Utility scale PV applications, which are 1 MW or greater, have also expanded significantly and currently account for 5,564 MW. In 2013 utility scale solar exceeded the capacity of net metered applications. Utility scale PV applications generally provide wholesale electric power (although there are exceptions in the 1-3 MW range where some utility scale applications are net metered). The growth in utility scale PV applications is driven by many of the same factors behind net metered applications. Sunny states like California (2,702 MW, 49% of the total utility scale PV) and Arizona (960 MW, 17%) enjoy favorable siting conditions. However, North Carolina accounts for 340 MW or 6% of the total utility level solar capacity, and is the third leading state in this sector largely due to state incentives. While North Carolina has a modest net metered solar capacity, just 11.6 MW or 0.2% of the total net metered capacity, its large utility scale PV total indicates a diverse approach among state strategies to increase the level of renewable participation.
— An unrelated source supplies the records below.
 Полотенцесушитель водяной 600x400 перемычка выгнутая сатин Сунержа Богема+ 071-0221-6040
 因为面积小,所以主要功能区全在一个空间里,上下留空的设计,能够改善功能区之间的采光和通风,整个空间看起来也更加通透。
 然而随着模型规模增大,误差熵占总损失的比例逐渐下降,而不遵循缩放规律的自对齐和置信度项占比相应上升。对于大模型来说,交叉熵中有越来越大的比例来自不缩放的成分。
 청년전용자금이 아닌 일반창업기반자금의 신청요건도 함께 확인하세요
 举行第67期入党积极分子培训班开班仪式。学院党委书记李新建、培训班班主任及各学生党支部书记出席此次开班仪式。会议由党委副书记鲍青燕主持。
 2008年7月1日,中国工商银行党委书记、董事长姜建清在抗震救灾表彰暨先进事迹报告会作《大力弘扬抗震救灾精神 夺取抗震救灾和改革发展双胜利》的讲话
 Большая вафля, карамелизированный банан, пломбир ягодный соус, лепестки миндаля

The third principal contributor to the large increase in solar capacity comes from thermal applications. These are distinct from PV applications in that solar energy is used to generate heat in a working fluid which is then converted to mechanical energy in a turbine then to electrical energy in a generator. Historically, the thermal solar application sector consisted primarily of a set of facilities near San Bernadino, California, SEGS I through SEGS IX, which account for 400 MW of capacity. The thermal solar sector expanded significantly in 2013 when three large plants, Solano, Genesis and Ivanpah, went on line adding a total of 650 MW of capacity. Solano is a particularly distinctive application in this sector due to its storage capability that extends the daily operating period and cushions sudden drops in output due to interruptions from passing clouds.

Each of the three sectors that have contributed to the significant overall solar gains also has strong near term growth prospects. Currently, there are 6,459 MW of proposed utility scale PV and 1,841 MW of proposed thermal solar. Many of the same factors driving utility-level solar are expected to push net metered capacity as well.
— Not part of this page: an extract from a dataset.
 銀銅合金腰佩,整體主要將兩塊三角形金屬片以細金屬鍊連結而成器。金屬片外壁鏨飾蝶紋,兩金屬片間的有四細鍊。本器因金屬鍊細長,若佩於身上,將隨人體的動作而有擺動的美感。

In summary, the U.S. solar capacity has moved quickly from a relatively small contributor to the nation's total electric capacity into a one of comparative significance. Much like the wind sector growth, which grew tremendously from 6,456 MW in January 2005 to 60,661 MW to January 2014, solar capacity is quite clearly up and coming.


Principal Contributor: Glenn McGrath
(Glenn.McGrath@eia.gov)

 

End Use: February 2014


Retail Rates/Prices and Consumption

In this section, we look at what electricity costs and how much is purchased. Charges for retail electric service are based primarily on rates approved by state regulators. However, a number of states have allowed retail marketers to compete to serve customers and these competitive retail suppliers offer electricity at a market-based price.
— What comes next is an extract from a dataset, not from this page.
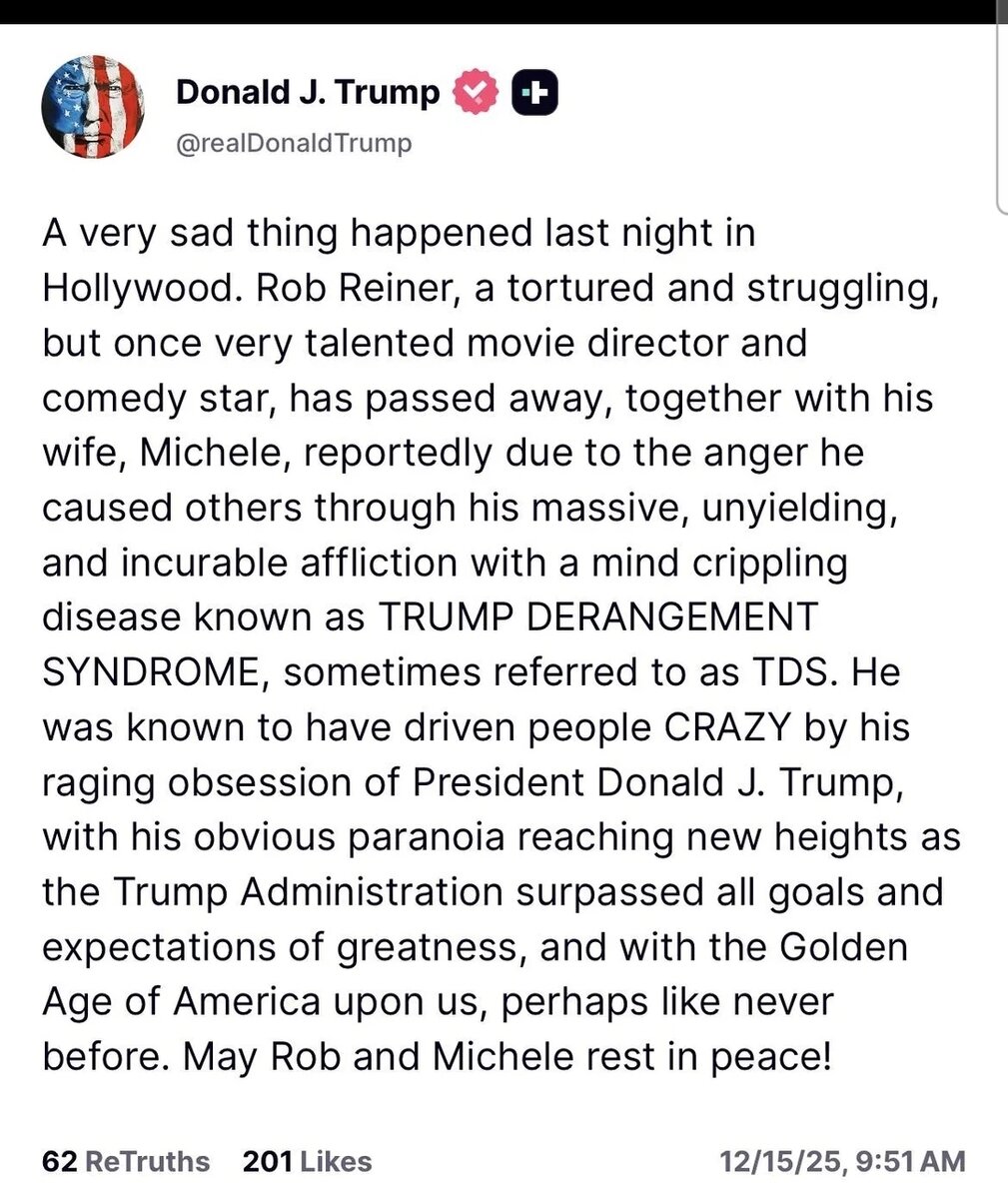 December 15, 2025Dec 15 https://www.usatoday.com/story/news/politics/2025/12/15/marjorie-taylor-greene-donald-trump-rob-reiner-post/87780797007/Controversial Georgia lawmaker Marjorie Taylor Greene lashed out at Donald Trump on Monday, Dec. 15, over the president's shocking social media post about the death of slain director and actor Rob Reiner.Reiner, 78, was killed alongside his wife, Michele Singer, in their Los Angeles home just one day earlier on Dec. 14, according to police. "This is a family tragedy, not about politics or political enemies," Greene, a Republican state representative and long-time Trump ally, wrote in a separate post on X.
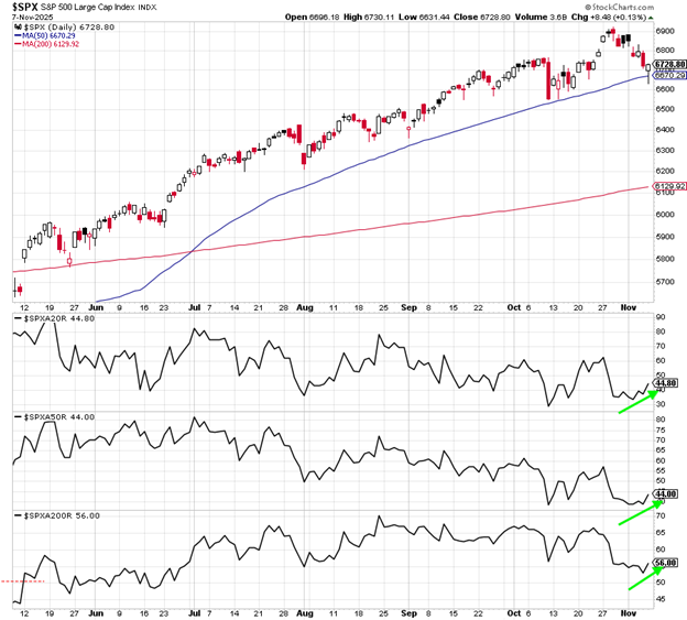 Let’s focus on last week for a second. All we heard was how bad things were, yet seven out of the 11 sectors finished higher on the week and eight sectors outperformed the S&P 500. Yes, it was the large cap tech (and tech adjacent) areas that struggled last week, pulling down the major averages, but under the surface things weren’t nearly as bad as many claimed. In fact, the number of stocks in the S&P 500 that were above their 20- and 50-day moving averages actually increased last week, while those above their 200-day moving average was flat. That my friends suggested breadth improved under the surface.

EIA does not directly collect retail electricity rates or prices. However, using data collected on retail sales revenues and volumes, we calculate average retail revenues per kWh as a proxy for retail rates and prices. Retail sales volumes are presented as a proxy for end-use electricity consumption.

Average Revenue per kWh by state



In February, 45 out of 50 states, along with the District of Columbia, had average revenue per kWh figures higher than last February. Seven states, Pennsylvania, Maryland, Rhode Island, Kentucky, New York, Massachusetts, New Jersey and the District of Columbia had increases greater than 11%. Only West Virginia, Arkansas, Louisiana, Nebraska and Missouri had average revenue per kilowatt figures lower than last February, with the largest decrease of 3.89% found in West Virginia.

Average revenue per kWh levels were highest in Hawaii, followed by Northeastern states, Alaska and California. Average revenue per kWh levels were lowest in Arkansas, followed by Washington, Idaho, Louisiana and Wyoming.

Total average revenues per kilowatthour averaged 10.35 cents in February, up slightly from 10.13 cents in January, and up 5.7% from last February. The industrial sector had the largest increase from last year, 7.7%, followed by the commercial (6.3%) and residential (2.1%) sectors. All of these increases are significant and likely reflect the flow through to retail rates of some of the high wholesale electricity prices in February due to cold weather. (See discussion on the regional wholesale markets page.) The industrial sector is most directly affected by high wholesale prices. While residential customers are least affected.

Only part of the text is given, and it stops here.